To fix this shape near the edge we might do it two different ways.
1
We could look at the right side of the line as the surface and the tde looks
turned down. You could wear the crest of the turn down which looks to be
about 5 or 10 % wide. We try to push this crest down to make the band curve
more uniform. Doing this makes the crest inward a longer radius to be closer
to the radius of the turn down. It makes the crest outward shorter radius
and closer to the radius farther inward on the mirror. We all hate to have
to do this so near the edge, don't we.
2
We could look at the left side as the surface but now the edge looks to be
turned up. Now the crest is farther in and when we push this in to the
desired band curve we are shortening the radius of the crest to make to
increase the curve of the band to match the stronger curve nearer the edge.

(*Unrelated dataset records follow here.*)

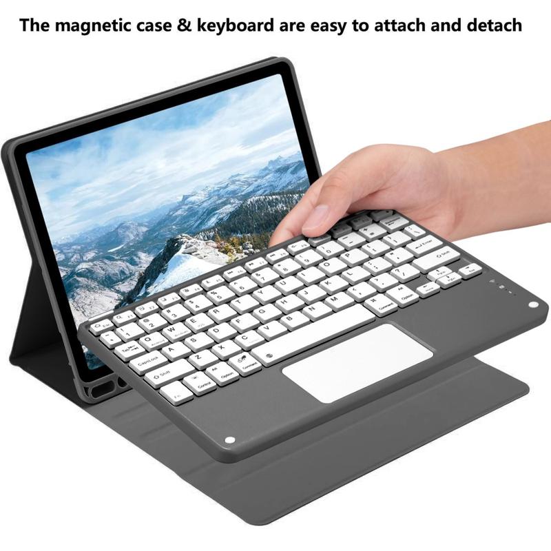 Enhance your iPad Air 11 2026/2025/2024, iPad Air 2022/2020 with the Bluetooth keyboard case, a multifunctional 2-in-1 accessory that combines protection, productivity, and style. Crafted from premium polyrethane, this sleek case provides full protection against scratches, shocks, and fingerprints while maintaining a professional look. The Bluetooth keyboard connects wirelessly for smooth, responsive typing, while the integrated touchpad supports multi-gesture control for effortless navigation. Featuring a backlit keyboard, you can type comfortably even in low-light environments. The built-in adjustable stand offers an ergonomic viewing angle, making it perfect for typing, streaming, or reading. Designed for business, travel, or everyday use, this keyboard case transforms your tablet into a portable workstation.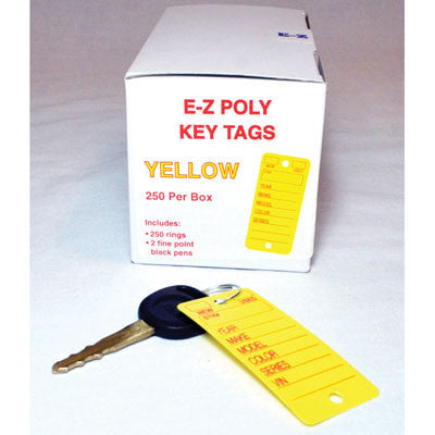 Made of indestructible polyethylene, these key tags are waterproof, fade proof and won't tear at the ring. Round corners won't catch or tear pocket linings. Available in white or yellow. Each box of 250 includes key tags, chrome plated rings and 2 fine black pens. Key tag is 1 3/8" x 3". Imprinted sections for New, Used, Stk#, Year, Make, Model, Color, Series, VIN.Â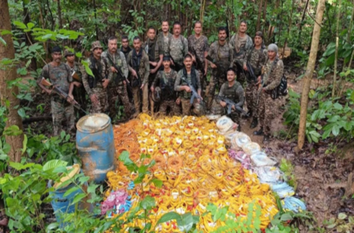 झारखंड के पश्चिमी सिंहभूम के जंगलों में नक्सलियों के ठिकाने से 18 हजार डेटोनेटर बरामद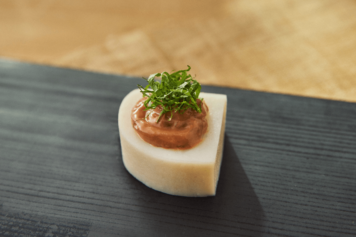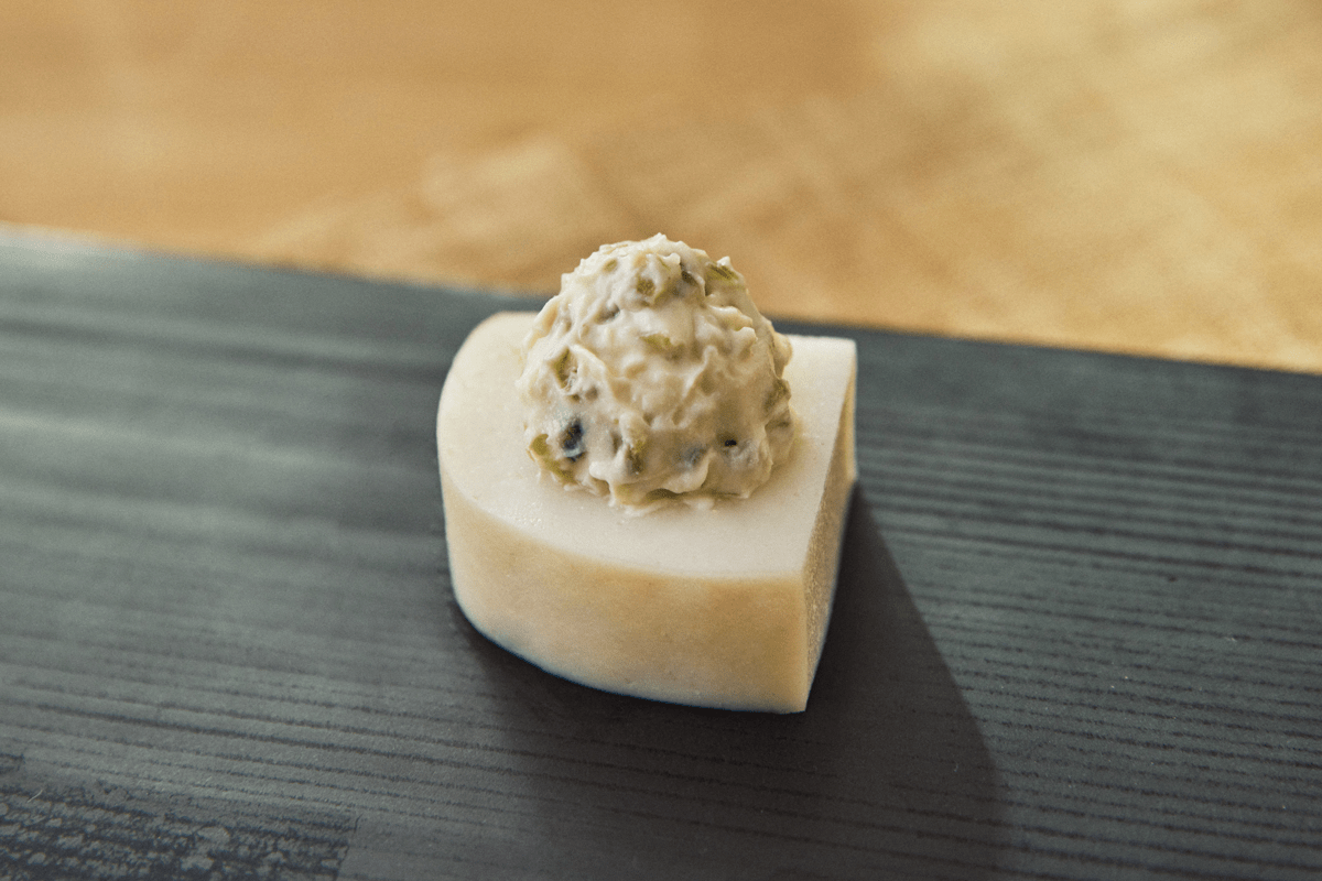 日本酒にあう板わさには、塩辛や味噌などの発酵食品をちょびっと添えてください。日本酒の旨みや甘みを、発酵食品のしっかりとした味がより引き立ててくれます。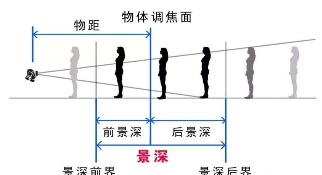 在聚焦完成后,焦平面前后的清晰范圍,就叫做景深,這一清晰范圍又分為前景深和后景深(參看下圖)。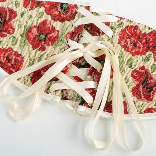 Scarlet Darkness Renaissance Corset Belt for Women Lace Up Floral Wide Waist Belt for Dresses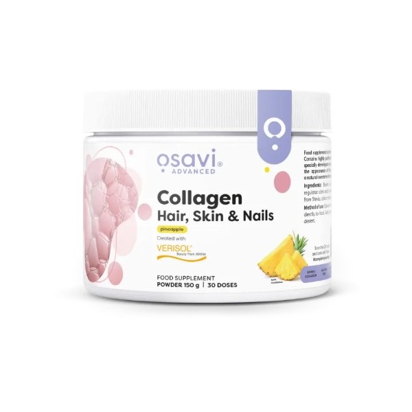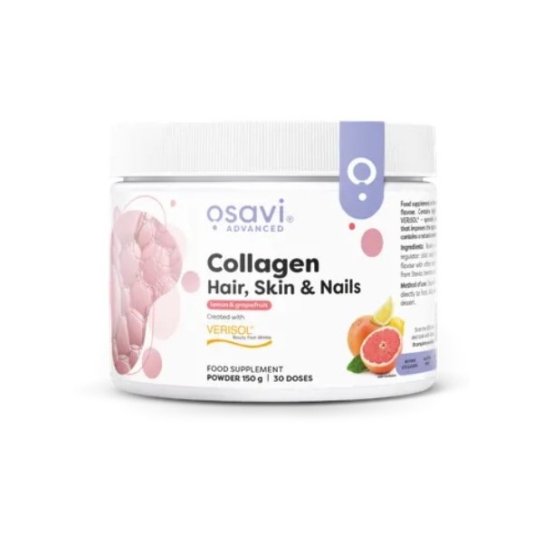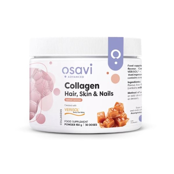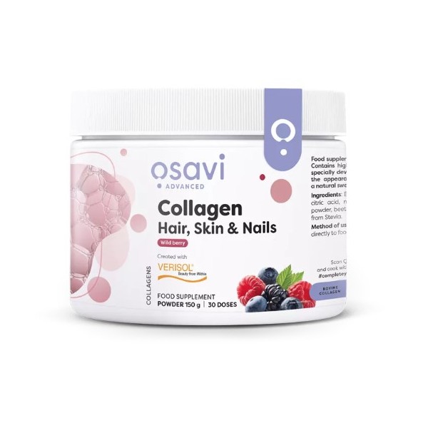 Collagen Hair, Skin & Nails de Osavi es un suplemento en polvo con un refrescante sabor a bayas o caramelo salado que contiene colágeno Verisol® (péptidos de colágeno bioactivos), posiblemente el mejor colágeno del mercado hoy en día para el cuidado de la piel, el cabello y las uñas.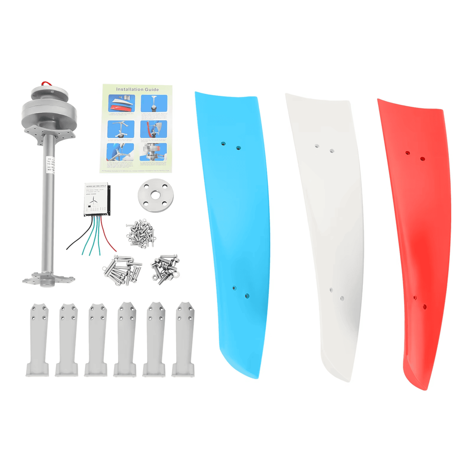 เครื่องกำเนิดไฟฟ้ากังหันลมแนวตั้งใบพัด3ใบพัด500วัตต์เส้นผ่านศูนย์กลาง1.2เมตรตัวควบคุม12โวลต์/24โวลต์ IP67ลูกปืนคู่ ce/ccc
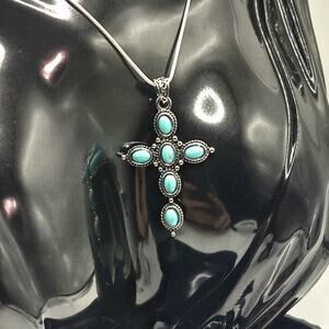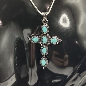 925 Sterling Silver Necklace w/ Cross Turquoise Christian Native Valentines New!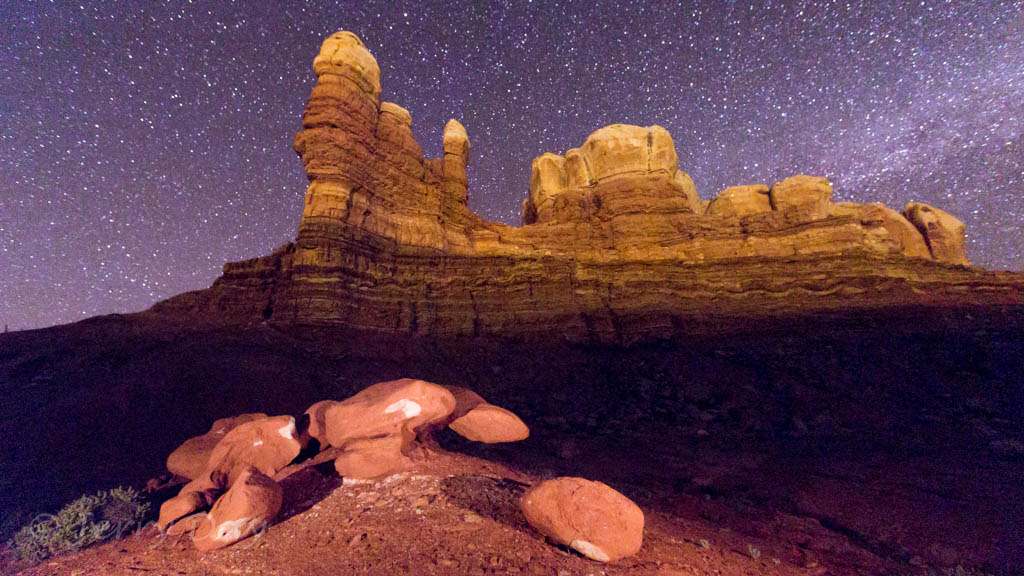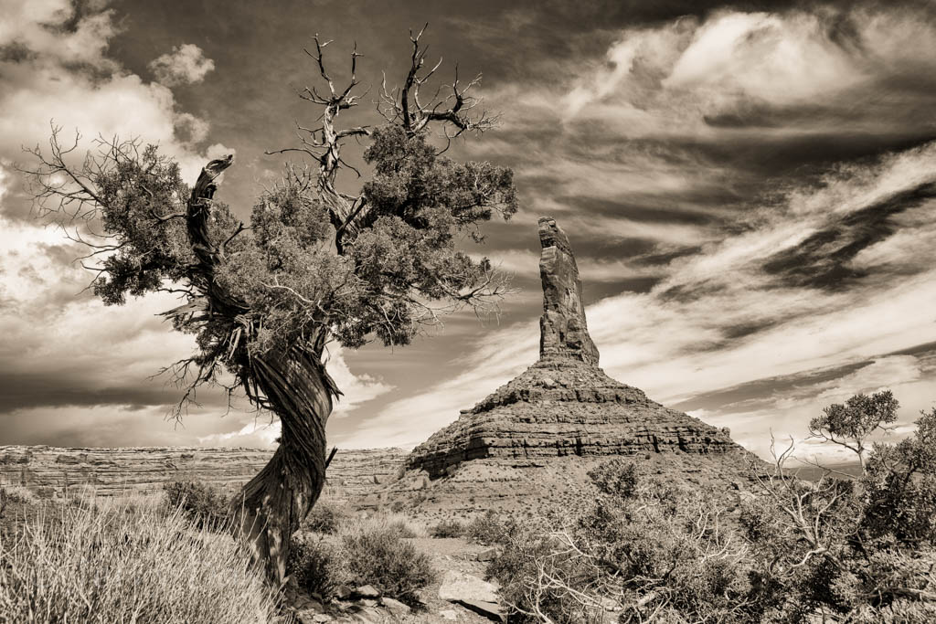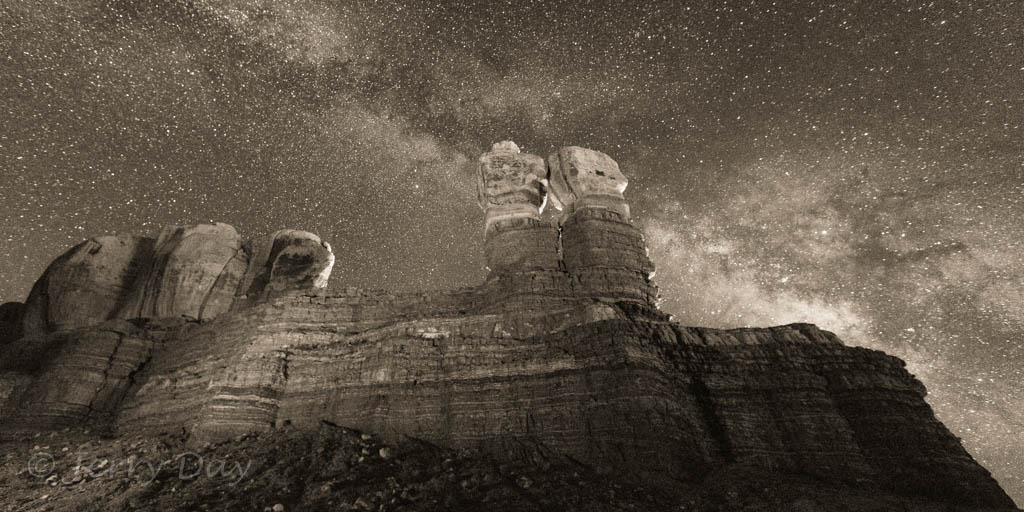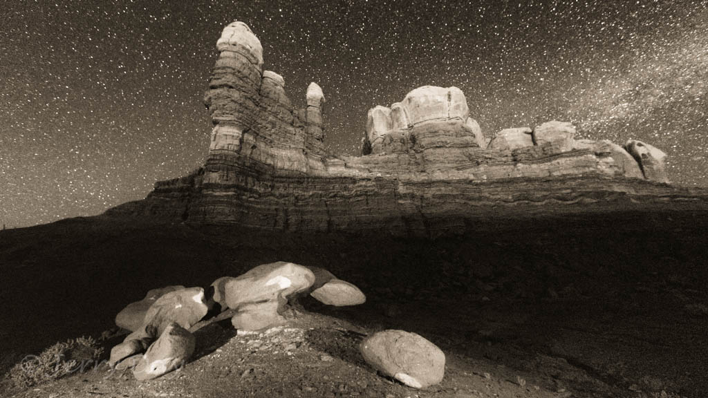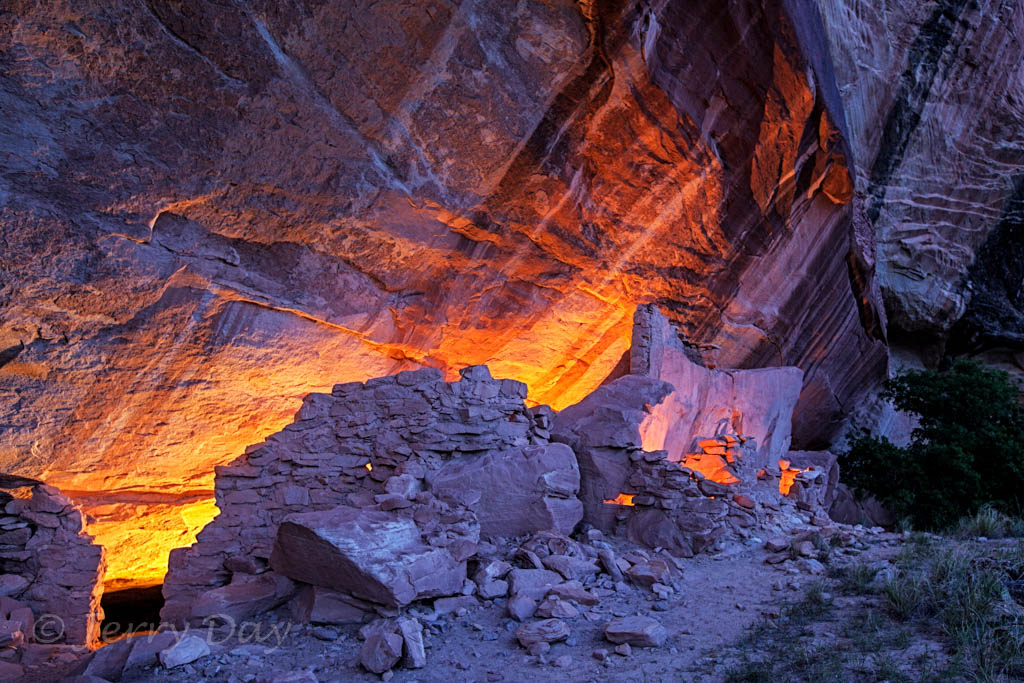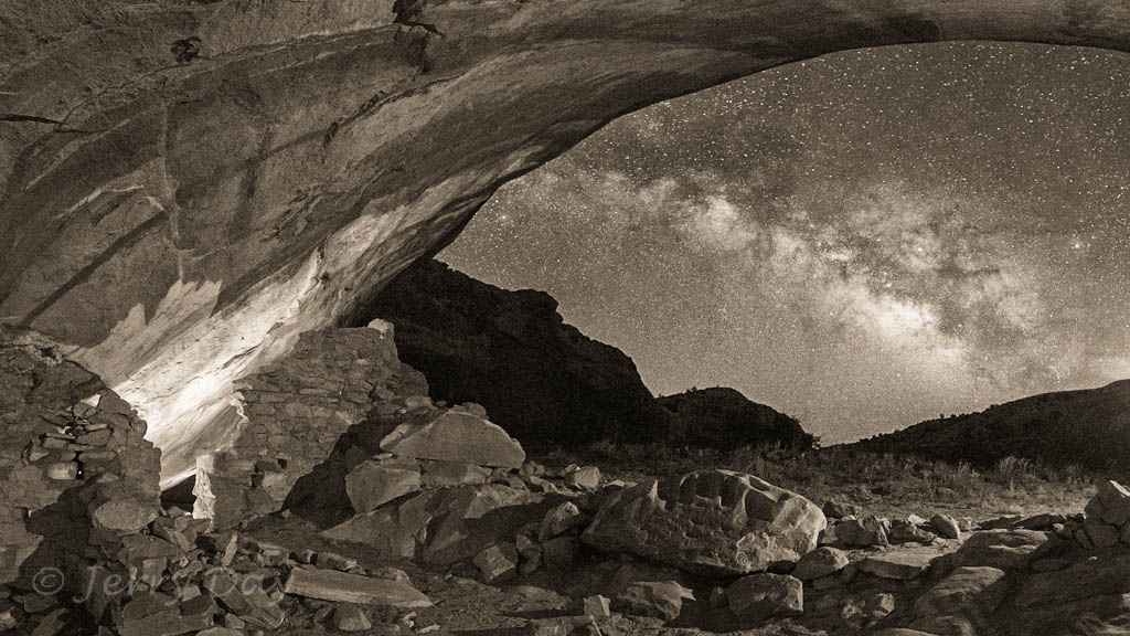 As mentioned above, Paul and I took many photo outings in the area – both day and night. We took several photo trips to the Valley of the Gods and along the Comb Ridge. We also took a hike into the Long Finger Ruins across Butler Wash and into a canyon on the back side of the Comb Ridge. Hiking out after dark was interesting, especially as we passed through a herd of open-range cattle bedded down for the night. The cattle’s eyes glowed eerily in the light of our headlamps from all around. Ever get that feeling of being watched?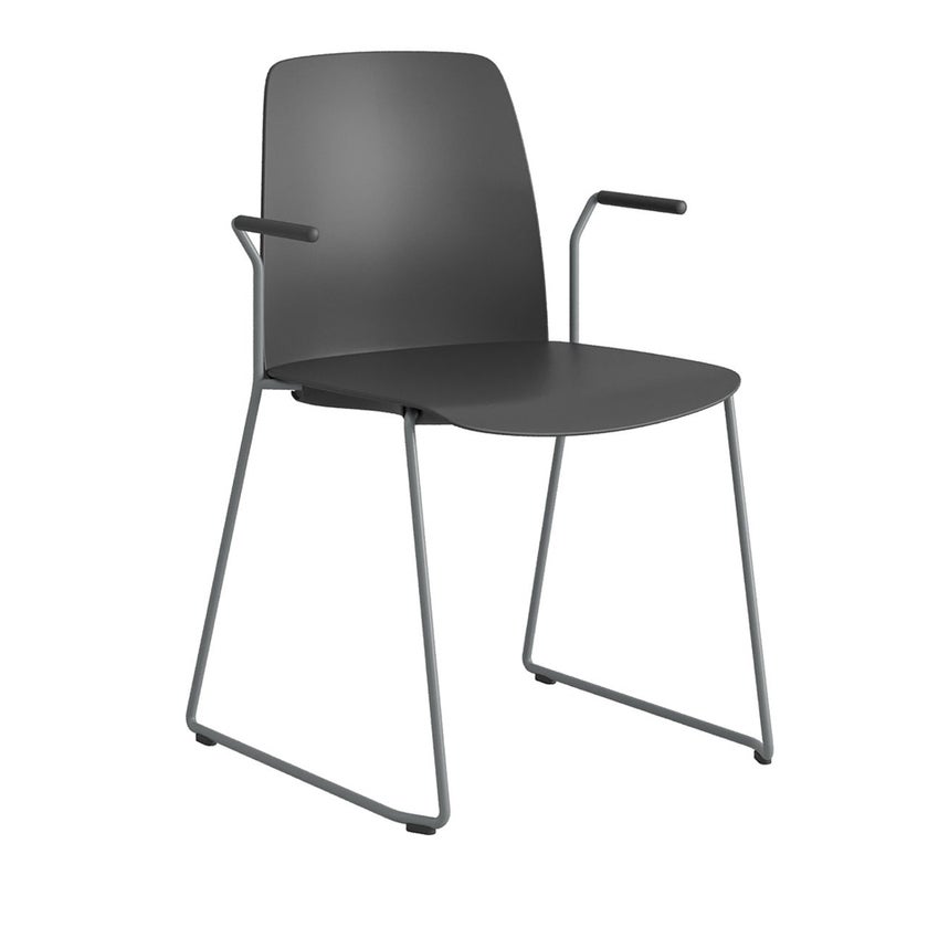 Stol Choice med medar och armstöd, svart plastrygg, svart plastsits, silvergrått stativ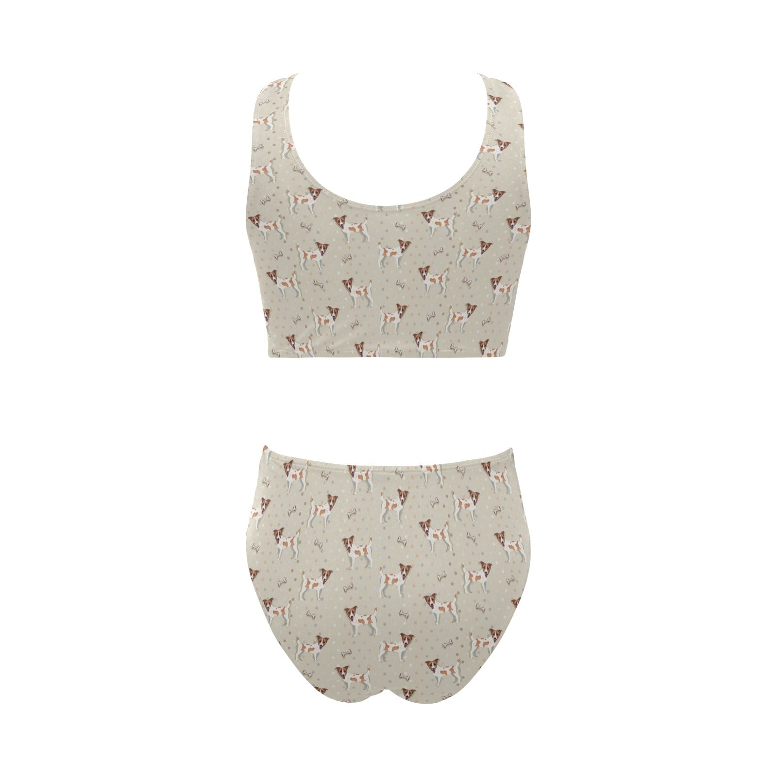 Jack Russel Pattern Print Design 02 Chest Bowknot High Waisted Bikini Swimsuit

But we better not try to push what appears on this side of the line into the
curve of the band or you will really do the opposite and make the turn down
worse. This one isn't much fun either. I think it is easier. But it is
easily overdone making an over corrected outer zone a worry.
With method 1 if we also wanted to fix farther in we could work the hump in
the line at 30% by pushing it into the curve. That would smooth the curve
but the correction would not increase.
With method 2 We would see the middle as a hump and push it outward to match
the curve farther out. This would increase correction.
By method 1 the center looks like a low area. We reverse our interpretation
in this case. It is a raised area.
By method 2 it looks high but the edge looks turned up. We reverse the
interpretation to a down turn.
Depending on our desired shape relative to the reality of what we have we
can choose either way but must remember to reverse our interpretation of the
last slope change. Naturally I think we would all agree that the edge is the
one that you don't want a misinterpretation to guide our work. We don't want
to in the center either but a mistake there is easier to erase. Usually.
Jerry
-----Original Message-----
From: atm_free@yahoogroups.com [mailto:atm_free@yahoogroups.com] On Behalf
Of Mel Bartels
> Make it look right and wear the highs. You can see exactly where and how
> much (relatively speaking) you need to work and even judge the feathering
> you need to do to blend the zone.
I'm not sure where the confusion is, but depending on RoC, a high can be a
low, and visa versa. One should consider picking the best relative RoC in
order to achieve the result. For instance, TDE can be attacked by
concentrating inside the turning zone and it can be attacked by
concentrating on outside the turning zone.
> If you start at the edge and look at the right side of the line as the
> surface the edge looks turned down as it really is. The high now becomes
For instance, the above comment is relative to a particular RoC. From
another RoC's vantage point, that TDE is actually turned up.